Scientific classification
- Kingdom: Animalia
- Phylum: Chordata
- Class: Aves
- Order: Coraciiformes
- Family: Momotidae
- Genus: Aspatha Sharpe, 1892
- Species: A. gularis
- Binomial name: Aspatha gularis (Lafresnaye, 1840)

= Blue-throated motmot =

- Genus: Aspatha
- Species: gularis
- Authority: (Lafresnaye, 1840)
- Conservation status: LC
- Parent authority: Sharpe, 1892

Species of bird

The blue-throated motmot (Aspatha gularis) is a species of bird in the family Momotidae. It is found in El Salvador, Guatemala, Honduras, and Mexico.

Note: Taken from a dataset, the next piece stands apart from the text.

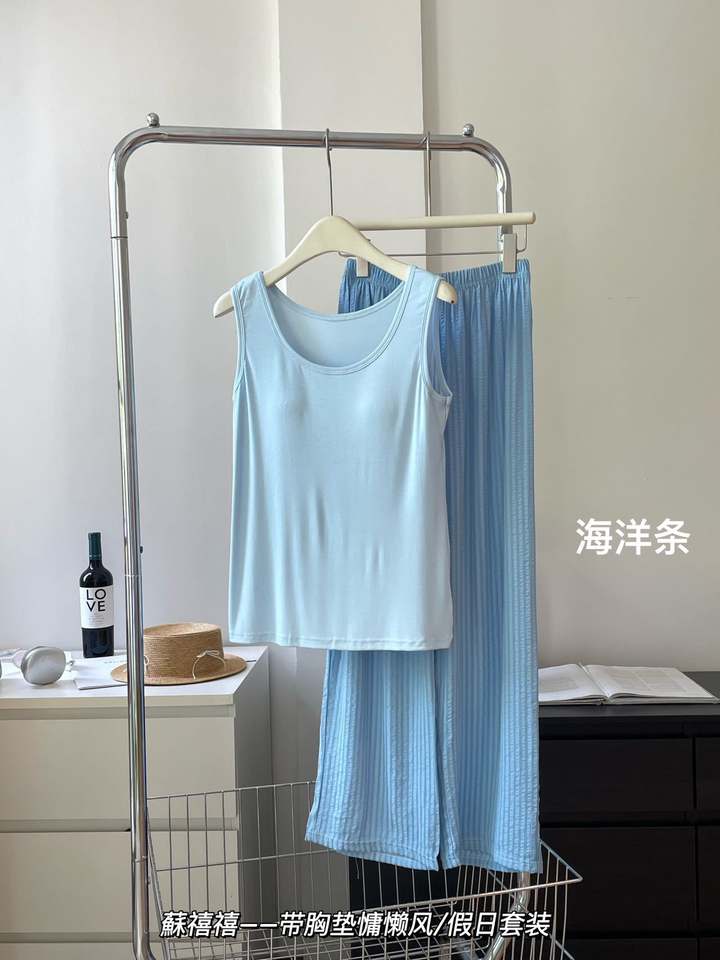 Summer Soft Pajamas Women's Modal Loungewear Set New Simple Vest Top and Long Pants Home Clothes With Chest Pads Homewear

==Taxonomy and systematics==

The blue-throated motmot is monotypic. It apparently has no close relatives.

==Description==

The blue-throated motmot is 25.5 to 28.0 cm long and weighs 56.0 to 67.3 g. It has a long, graduated, tail that in contrast to that of most other motmots does not have racquet tips. The side of the adult's head is ochre with a black "ear" spot. It is mostly green above and paler green below. The throat is blue with a black spot just below it. The juvenile is duller and the green of the back is washed with olive.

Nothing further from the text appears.